Один. И беззвучны стены. И дверь в ту комнату, в другую открыта, где кровать. И во все окна свет искренний, морозно-солнечный. И к ближнему окну подошел. Смотрел и не видел. Отошел. Ящик стола выдвинул, письмо вынул. Перечитывать стал, и опять к окну. Слезы закапали. И сквозь слезы увидел снежно-искрящуюся мертвую Неву и черный живой поток моста поперек. И звонки вагонные услышал. И как-то мгновенно принял в себя безучастно-наглую жизнь каменной столицы, не хотящей знать о судорогах его души, не хотящей знать также и о судорогах всей страны, туда, на восток безмерно расстилающейся, безмерно и нелепо страдающей. Понял мгновенно и мгновенно забыл. И, будто завидев вверху, в просвете дымного неба, кого-то могущественного и милостивого, на колени опустился, лоб к доске подоконника прижав. Молился ли, радовался ли слезам, звездам души.

Когда поднялся, сурово лицо было. Отражение чуть заметное свое в стекле окна увидел. От снежно-морозного, от яркого отвернулся и от наглой суетни моста. На палитру краски из олова выдавливая, думал-шептал:

— Погодите. Я еще не труп. И ты погоди. И ты тоже. Вот солнце светит. Этот час тоже хорош.

Перед картиной стоя, глазами зрения, но не глазами души, искал и находил нужное картине своей, своему «Страху жизни». В гармонию ушел отблесков багрового на море солнца. И на волнах отблески те, и здесь вот, близко, на плечах, на воздетых руках женщин нагих, со скалы только что сбежавших. Но не хотел видеть ее, белую, по морю идущую Надю. И не видел. Час ли пролетел, больше ли. Раньше срока истомившийся, радовался сумраку быстрому северного неба. Не вытер, бросил кисти куда-то. Не любуясь, не томясь, не видя картины своей, сидел опять, ноги вытянув, затылок на спинку кресла положив.

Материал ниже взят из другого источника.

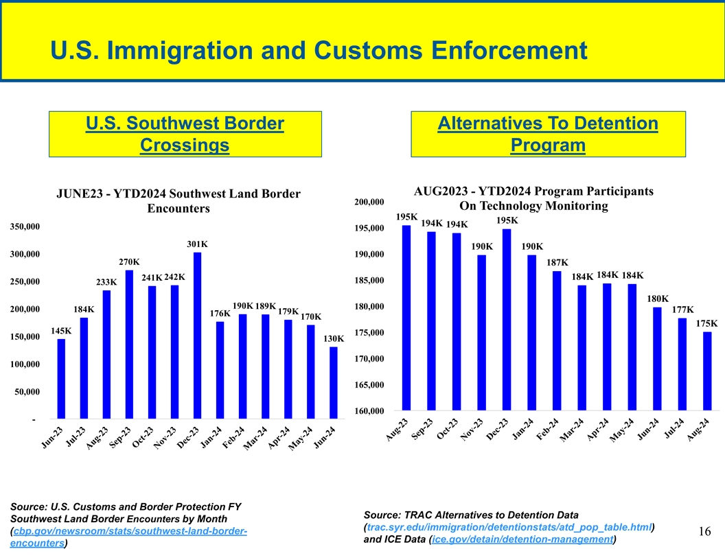 U.S. Immigration and Customs Enforcement FEDERAL SEGMENT U.S. Southwest Border Alternatives To Detention Reentry Crossings Program Services AUG2023 - YTD2024 Program Participants JUNE23 - YTD2024 Southwest Land Border 200,000 On Technology Monitoring Encounters 195K 195K 194K 194K 350,000 195,000 301K 190K 190K 300,000 190,000 270K 187K 184K 184K 242K 184K 241K 185,000 250,000 233K 180K 190K 189K 180,000 200,000 184K 177K 179K 176K 170K 175K 145K 175,000 150,000 130K 170,000 100,000 165,000 50,000 160,000 - Source: U.S. Customs and Border Protection FY Source: TRAC Alternatives to Detention Data Southwest Land Border Encounters by Month (trac.syr.edu/immigration/detentionstats/atd_pop_table.html) (cbp.gov/newsroom/stats/southwest-land-border- 16 and ICE Data (ice.gov/detain/detention-management) encounters)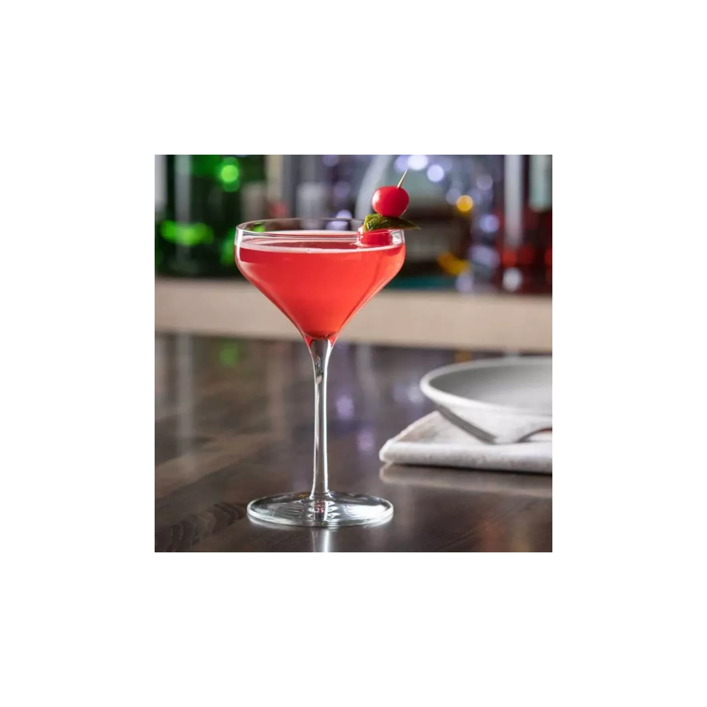 Las paredes laterales delgadas son elegantes, pero duraderas, lo que proporciona una mayor resistencia mecánica. Al mismo tiempo, el borde ultrafino sin cuentas crea una presentación exquisita para cócteles, aperitivos y postres servidos en copa.

Пришла, меж ним и холстом встала Надя. Привычно вздрогнул, увидев белую, дважды мертвую. Глаз ее не искал, таящихся.

— Одна? Я думал… Я ждал. Стерплю, если нужно. Но, ведь, не жалеешь же ты меня теперь. Давно уж. И не ты его не пустила. Не идет, значит… Хорошо, хорошо, не буду так. Каюсь я… Хорошо… Придет?

Затих, ладонями глаза закрыв. Минуты звенящие. И слышал шорохи дома. Шаги на ступенях лестницы. Мимо. Минуты звенящие. Шаги. Сюда. Остановилась женщина; платье женское шептать перестало.

— Кто там?

— Это я.

— Не узнаю. Кто? Ко мне?

— Это я… Дарья Николаевна.

— Дарья Николаевна?.. Да, да! Войдите же… Сейчас открою.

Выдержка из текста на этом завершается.